Data block
◇ ◇ ◇ ◇ ◇ ◇ ◇

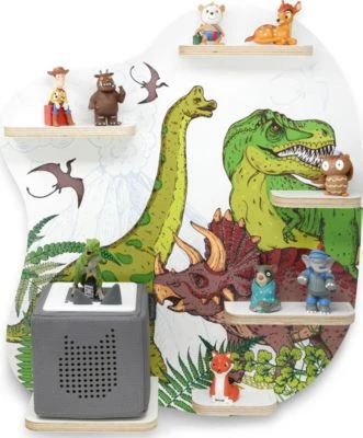 Wer die Toniebox und Tonies schön im Kinderzimmer platzieren möchte, ist mit diesem schönen Regal der Marke stadtecken klasse beraten! Das hübsche Regal im „Dinogigantisch“-Design dient als tolle Dekoration und bietet Platz für die Musikbox sowie bis zu zwanzig Figuren. In das Regal wurden Metallbleche integriert, sodass die magnetischen Figuren nicht herunterfallen können. Das Regal lässt sich einfach an der Wand befestigen, kann aber auch auf einem Regal oder Tisch abgestellt werden. Dank der abgerundeten Kanten besteht keine Verletzungsgefahr für kleine Entdecker*innen.
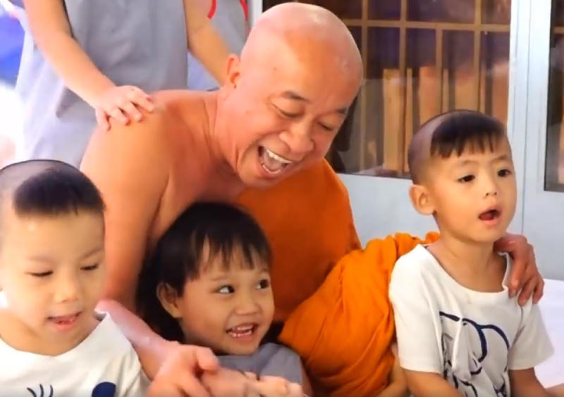 Lần ấy, người viết đến chùa, thăm sư thầy và các em, được đi trên chuyến xe do thầy lái để đi đón các “con” đi học về. Thầy kể, hễ bận pháp sự, bận đi xa thì thôi, nhưng nếu ở chùa, thầy vẫn luôn muốn tự đi đón các “con” mình. Muốn được thấy ánh mắt lấp lánh, tiếng reo vui của chúng khi thấy “cha” ra đón, chúng sà vào lòng cha và ríu rít kể chuyện ở trường, ở lớp… Nhìn vào đôi mắt ấm áp, đầy trìu mến, độ lượng, thương yêu của thầy dành cho những đứa trẻ ấy, mới thấy tình phụ tử vĩ đại không cần đến máu mủ, ruột rà.
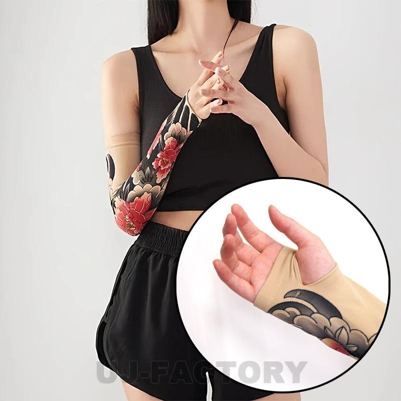 - 【タトゥーアームカバー/冷感素材使用!】★和柄 牡丹 1枚 和風 紫外線をしっかりブロック 厚手ニットタイプ 腕 指あき UV対策 フルカバー
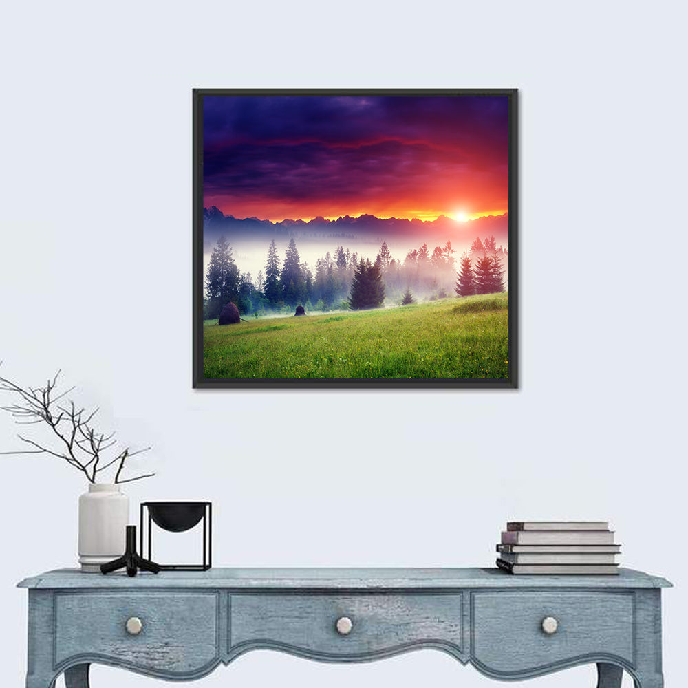 A high-quality print on canvas material, stretched over a wooden frame for a textured and artistic look.

◇ ◇ ◇ ◇ ◇ ◇ ◇

Action item
With pictures omitted, restate exactly every line from the one containing "- 【タトゥーアームカバー/冷感素材使用!】★和柄 牡丹" through the last line of the material, inclusive.

Your solution
 - 【タトゥーアームカバー/冷感素材使用!】★和柄 牡丹 1枚 和風 紫外線をしっかりブロック 厚手ニットタイプ 腕 指あき UV対策 フルカバー
 A high-quality print on canvas material, stretched over a wooden frame for a textured and artistic look.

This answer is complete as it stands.